MZA: mass-to-charge (m/z) generic data storage and access tool

-> Download the latest mza.exe version from the releases.

MZA is a stand-alone and self-contained command-line executable which converts multidimensional mass spectrometry (MS) data from files in proprietary vendor formats to the MZA simple data structure based on the HDF5 format. Once converted, MZA files can be easily accessed from any programming language and operating system using generic HDF5 libraries available (e.g., h5py and rhdf5).

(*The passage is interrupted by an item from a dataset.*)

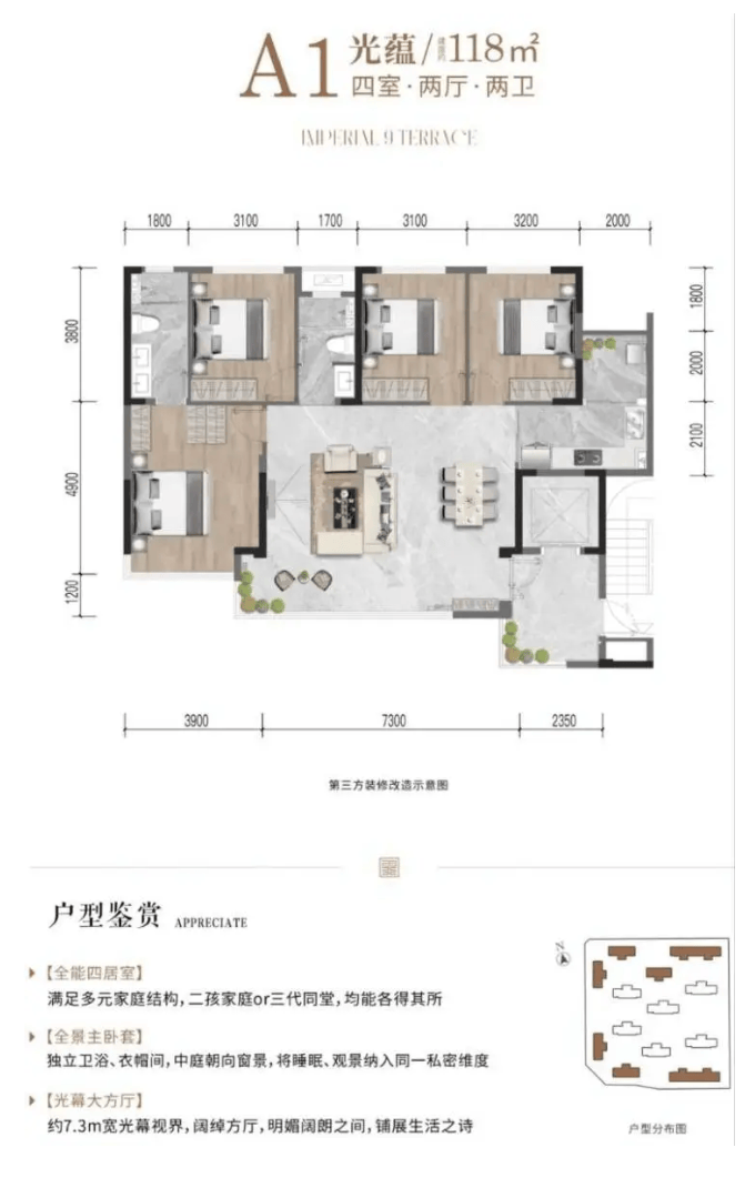 建面约118㎡平层

Untargeted MS-based workflows incorporating orthogonal separations, such as liquid chromatography (LC) and ion mobility spectrometry (IM), and collecting extensive fragmentation data with data-independent acquisition (DIA) methods or alternative activation techniques, are providing heterogeneous and multidimensional information which allows deeper understanding in omics studies. However, the large volume of these rich multidimensional spectra challenges current MS-data storage and access technologies. The cross-platform and cross-programming language tool, MZA (pronounced m-za), was created to facilitate software development and artificial intelligence research in these kind of multidimensional MS data.

Input formats supported:

Agilent '.d' (with or without ion mobility)
Bruker ion mobility 'd' (with ion mobility)
Thermo '.raw'
mzML

Parameters:

Required

-file arg: The raw MS file to be converted.

Optional:

-extension arg: Input file extension. To convert multiple files in a path provide the extension: .mzML, .raw or .d.
-intensityThreshold arg: The minimum intensity that must be exceeded for signals to be included in the output mza file.

USAGE: data conversion

Download the latest version (Releases section, right panel) and decompress it.

Windows

Tested on Windows 10. The MZA executable has no requirements, it can be run directly on Windows. Examples:

Convert a single '.d' file:

mza -file test_data\LowHigh_PC_160_180_frames1-10.d -intensityThreshold 20

Convert all '.d' files in a directory:

mza -file test_data -extension .d -intensityThreshold 20

Unix-like operating systems - Using Docker container

Build the container:

docker build -t mzacontainer:latest -f docker/Dockerfile .

Run the container:

docker run -it --rm -e WINEDEBUG=-all -v test_data:/data mzacontainer wine mza.exe -file /data/LCMSMS_Lipids_POS.raw

Unix-like operating systems - Using Wine

Tested on Ubuntu version 22.04.1. For Unix-like operating systems, the MZA executable requires pre-installation of the Wine compatibility layer (www.winehq.org).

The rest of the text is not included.